Dobson recently received a City of LA (COLA) Artists-in-Residence Grant, from the Department of Cultural Affairs in Los Angeles. The residency program allows artists to provide community-based, participatory projects in self-selected non-arts venues throughout the city to gather, connect and inspire audiences with little exposure to the arts.
As an Artist in Residence, Dobson hosted four intensive art workshops and weekly art and design activities for adults with intellectual disabilities. In addition, an exhibition showcased her student’s year-long art and design projects.
“This grant enlightened me with the joy of discovery and the gift of teaching individuals with disabilities,” Dobson said.
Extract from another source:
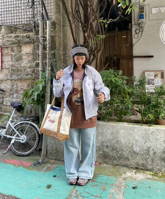 不收邊丹寧寬褲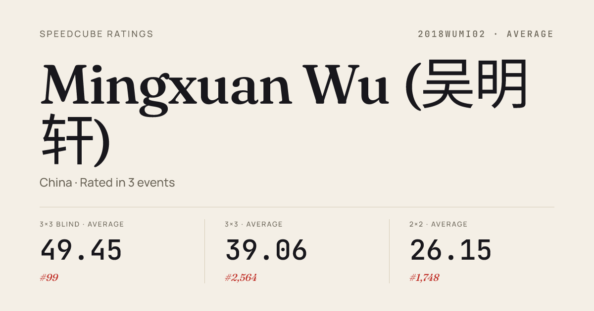 Sep 21, 20253x3x3 Blindfolded · FinalShenyangAutumn2025 · 2nd21.24Apr 13, 20252x2x2 Cube · Round 1ShenyangSpring2025 · 10th2.87Apr 13, 20252x2x2 Cube · FinalShenyangSpring2025 · 8th2.95Apr 13, 20253x3x3 Cube · Round 1ShenyangSpring2025 · 36th10.39Apr 13, 20253x3x3 Cube · Round 2ShenyangSpring2025 · 25th9.47Apr 13, 20253x3x3 Blindfolded · FinalShenyangSpring2025 · 1st18.97Apr 13, 20253x3x3 Blindfolded · Round 1ShenyangSpring2025 · 1st25.34Apr 13, 2025Clock · Round 1ShenyangSpring2025 · 42nd12.31Sep 16, 20242x2x2 Cube · Round 1DalianOpen2024 · 8th2.70Sep 16, 20242x2x2 Cube · FinalDalianOpen2024 · 14th3.22Sep 16, 20243x3x3 Cube · Round 2DalianOpen2024 · 19th8.70Sep 16, 20243x3x3 Cube · Round 1DalianOpen2024 · 22nd9.25Sep 16, 20243x3x3 Blindfolded · FinalDalianOpen2024 · 1st22.07Sep 16, 20243x3x3 Blindfolded · Round 1DalianOpen2024 · 1st28.95May 19, 20242x2x2 Cube · Round 1ZiboOpen2024 · 16th3.22May 19, 20242x2x2 Cube · FinalZiboOpen2024 · 9th2.85May 19, 20243x3x3 Cube · Round 2ZiboOpen2024 · 50th11.92May 19, 20243x3x3 Cube · Round 1ZiboOpen2024 · 59th12.91May 19, 20243x3x3 Blindfolded · FinalZiboOpen2024 · 3rd32.50

Outside of the classroom Dobson runs her own company, “Hope by SaeRi,” which makes one-of-a-kind tote bags. Each bag sold raises awareness and funds to help support the poverty-stricken girls of Bangladesh, who are denied a proper education and often expected to marry by the age of thirteen. Partnered with the non-profit “Speak Up for the Poor,” Dobson’s company is currently raising money to build education centers and dormitories for displaced young women and provide books and educational supplies for young girls at risk in Bangladesh. Since launching in 2010, “Hope by SaeRi” now serves 526 girls in 18 villages, with plans to expand to Cambodia, India, and Thailand in the future.
Dobson earned a bachelor of fine arts in Communication Design from the Parsons School of Design at The New School in New York City and later graduated with her master of fine arts in Communications and New Media Design from the Art Center College of Design in Pasadena, California.